I am in a similar boat. I was somewhat desperate to hire a few months back and took on a kid I knew was a project, but he had decent skills and organization, it went downhill almost right away he has almost zero follow thru, is always stirring up trouble with FOH, has no stamina and "stick-to-it-ness". Gets moody at the slightest correction. I suspended him for a week last month due to his conduct with FOH and so issues on the line. He came back and went 3 days before his old crap started coming up. Tomorrow I'm going to sit him down and make some goals and say this is your last shot here either you start meeting some benchmarks or you're gone. 

I have a small kitchen & staff, usually me and two other guys and no Dish so it isn't for everyone. Me I love it going as hard as I can nearly every night working 150 covers with just a 6 burner, 24"x24" plancha, a salamander, and small fryer, and unreliable oven. It takes a certain person and he probably isn't that guy. I live for it, so do my other 2 cooks. My favorite is when its just me and one other cook and we just sling it out. I hope this guy can turn it around and make it past the end of the month. I keep hoping he will and that he'll want to not just do well at work but make something more of himself other than an almost there Pothead


----------



## Salty dog

It's best when it's pure. Sarge, enjoy. 

Me thinks this guy won't be around much longer.
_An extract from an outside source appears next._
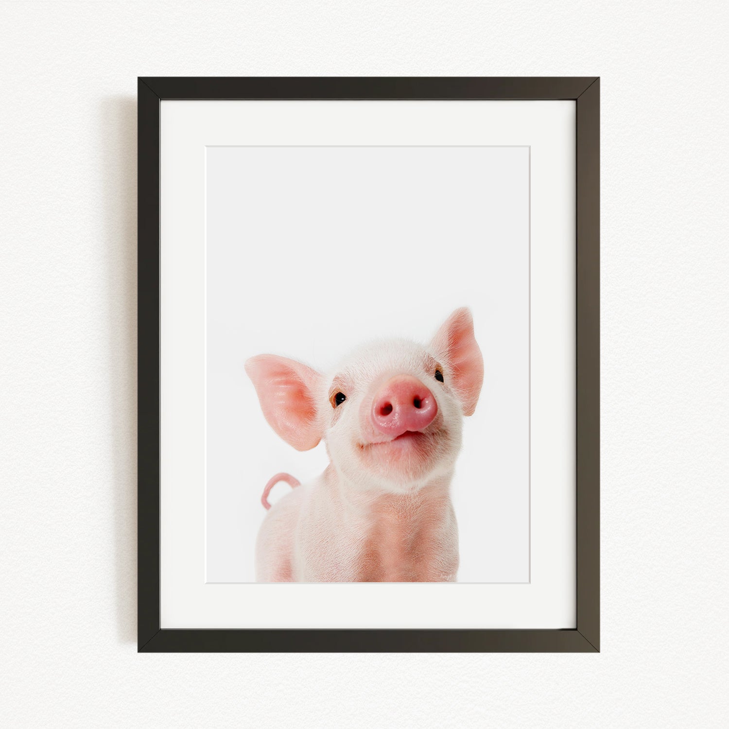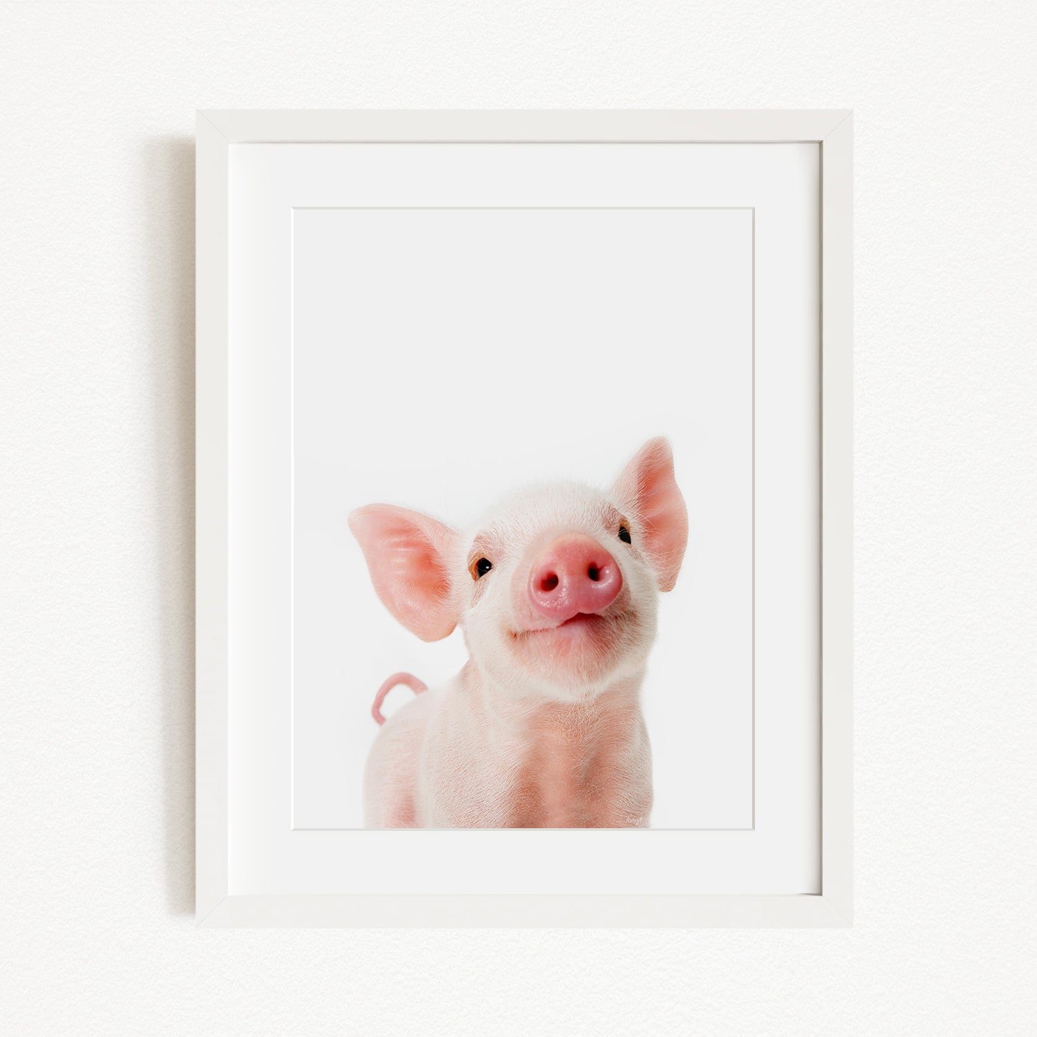 A cute, pink pig with large ears and a pink nose is the main subject of the image, which is a framed picture hanging on a white wall.

On the other hand, my "project" has been worth everything I put into it. It's that kind of stuff that keeps you going.


----------



## SpikeC

Good luck, Sarge! I have had apprentice jewelers that were like what you describe, and they didn't make it. Good attitude is hard to teach.


----------



## VoodooMajik

A good attitude is Hard to teach, and Harder to learn. I have faced a lot of adversity and come out the end with a bit of a chip that needs polishing off. The hardest thing to change is yourself. I wish both of you and your cooks the best of luck.


----------



## pumbaa

I wish I could work for some of the guys on this board. The attitudes that Salty and Theory have are amazing and a a total opposite to what I experience in this city. They throw you in the deep end and see if you can swim. I tend to thrive on this now and have gotten used to pushing myself, but there is no teaching anymore around here. But as Majik said you can only tech someone so much and do so much for them before you have to let go.


----------



## Sarge

Finally got the project to shut up and just cook. Also he decided it would be smart to start doing things the way I've asked instead of what feels easiest for him, I don't know that I'll keep him as the season slows down since it was a 3 month fight to get to this point and there are still too many rough edges, but I don't want to strangle him at every interaction now. Maybe 2/5 but I'll take whatever improvements I can get.


----------